What If No One in Your Family Has It?
About 10% of people diagnosed with ADPKD report no family history of the disease. This doesn’t mean the cause isn’t genetic. In some of these cases, a parent carried the mutation but was never diagnosed, perhaps because their disease was mild or they died of something else before kidney problems appeared. In other cases, the mutation is genuinely new. A study at the University of Colorado confirmed spontaneous mutations in 6 out of 24 patients who had no family history, after verifying biological parentage and ruling out other explanations. So even without a family connection, PKD remains a genetic disease.
How PKD Is Diagnosed
For people with a known family history, ultrasound is typically the first step. It detects kidney cysts with nearly 90% sensitivity, and in people over 30 with a PKD1 mutation, ultrasound-based criteria approach 100% accuracy. For younger individuals or those with PKD2 mutations, ultrasound is less reliable. In people under 30 with PKD2, sensitivity drops to around 67%.
Genetic testing is the most sensitive diagnostic method overall, capable of identifying the specific mutation involved. It’s less commonly used as a first-line tool because of cost and complexity, but it becomes valuable when the diagnosis is uncertain, when there’s no family history, or when someone needs a definitive answer for family planning purposes.
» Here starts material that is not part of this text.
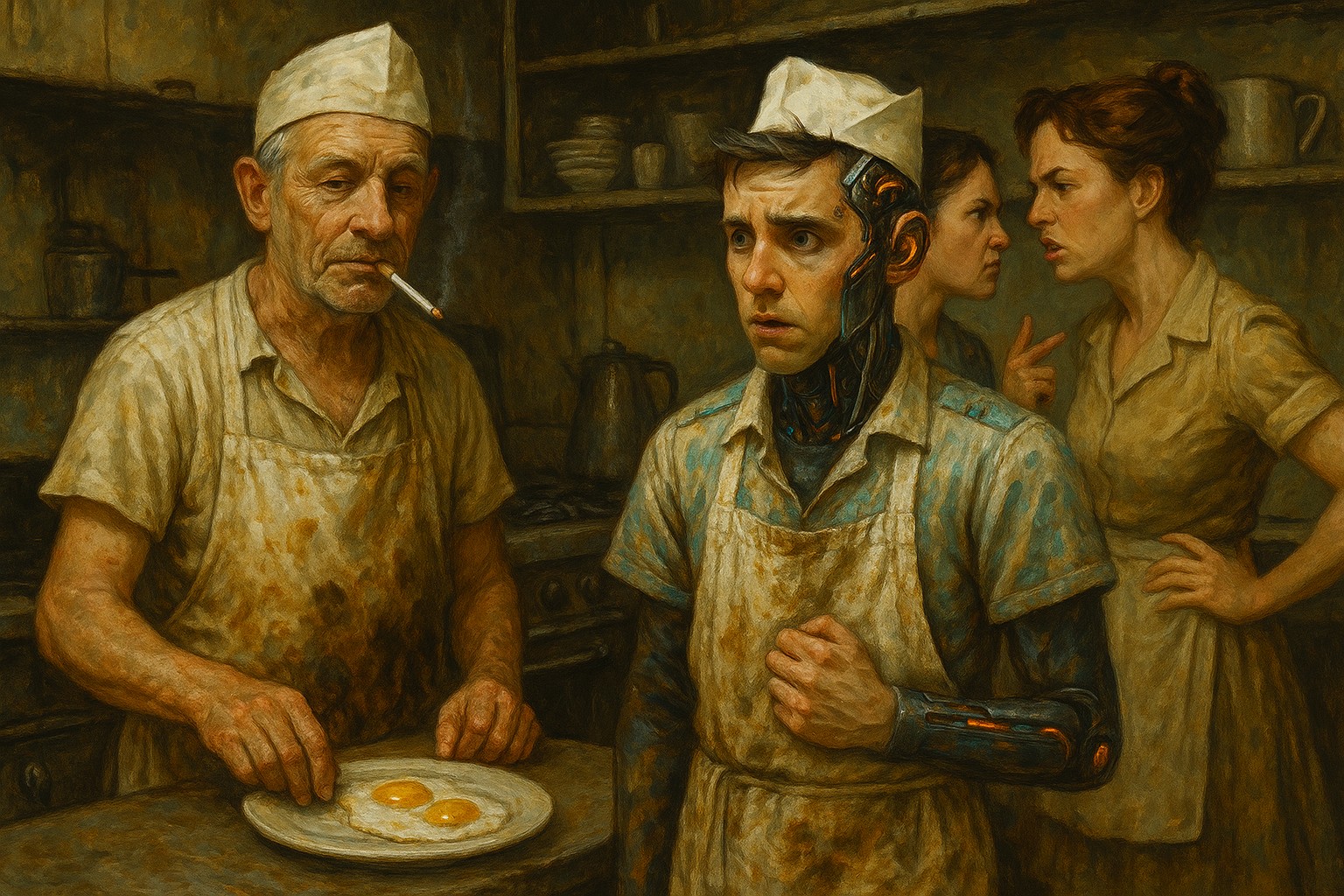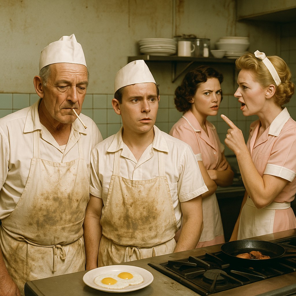 Wise advice, my Elder — and straight from the school of hard-won, grease-spattered experience. When the waitresses start sniping, even the bravest short-order cook knows it’s time to become one with the griddle, staring intently at the sizzling bacon and pretending to be completely, blissfully unaware.

Options for Family Planning
If you know you carry a PKD mutation, there are options to reduce the chance of passing it to your children. Preimplantation genetic testing, done during in vitro fertilization, allows embryos to be screened for the specific mutation before implantation. Only embryos without the disease-causing variant are transferred. This option is becoming increasingly popular among people with ADPKD, particularly because the disease doesn’t manifest until later in life, giving families time to make informed reproductive choices.
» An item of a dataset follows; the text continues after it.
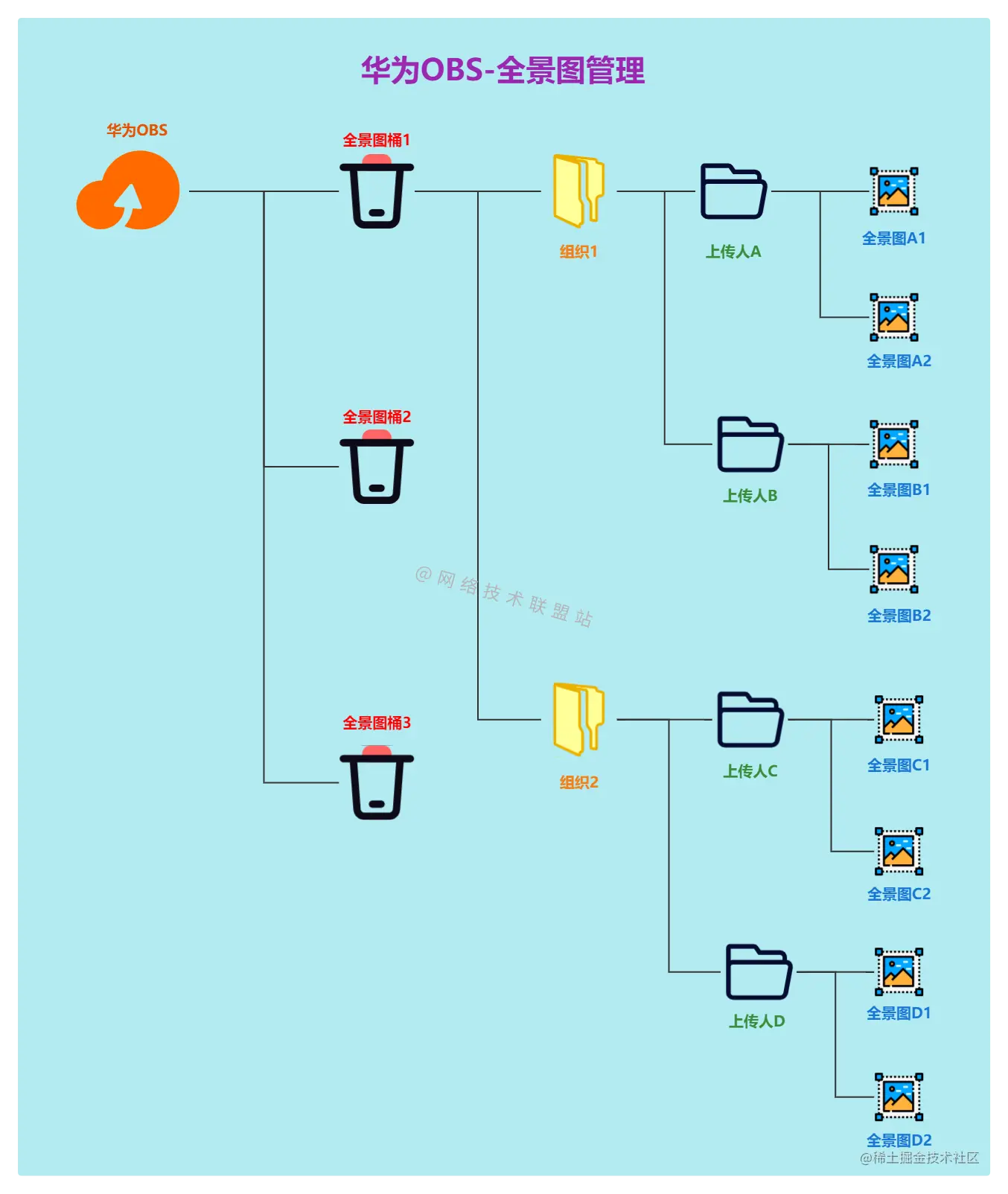 最近我涉及的一个项目就是用到了华为OBS作为对象存储,我们有个网站存储的是各类全景图,每张全景图上传到华为OBS后会通过全景图所属组织、上传人进行分类,也就是目录管理:

Prenatal genetic testing during pregnancy is also available. For families weighing these decisions, identifying the exact mutation through genetic testing beforehand is an important first step, since the screening tools need to know precisely what to look for.
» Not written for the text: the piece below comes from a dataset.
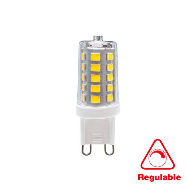 Bombilla LED para substituir a las halógenas de casquillo G-9. Con solo 3W de consumo, equivale a unos 30W (260 Lumens). De luz cálida (3200ºk). Temperatura de color recomendada para crear ambientes acogedores en zonas de descanso (comedor, habitación…) Similar a las halógenas que substituye.
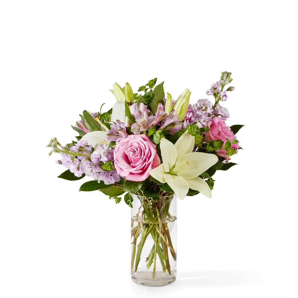 Lush lavender and ivory florals emit a sense of serenity, creating an alluring and lovely gift for sympathy, a birthday, engagements, and so much more.

Gene Therapy on the Horizon
Researchers at Mayo Clinic have developed a gene-editing approach that directly corrects a single-letter DNA mutation in the PKD1 gene using a technique called base editing, a refined form of CRISPR. In preclinical studies, a single treatment slowed cyst growth, improved heart and liver health, and extended survival. The therapy was delivered using a viral vector and corrected the mutation in a significant proportion of kidney cells. Work is now focused on whether the approach can help after cysts have already formed and on developing alternative delivery methods, including nanoparticles. If it translates to humans, it could reduce or eliminate the need for lifelong medication and delay kidney failure.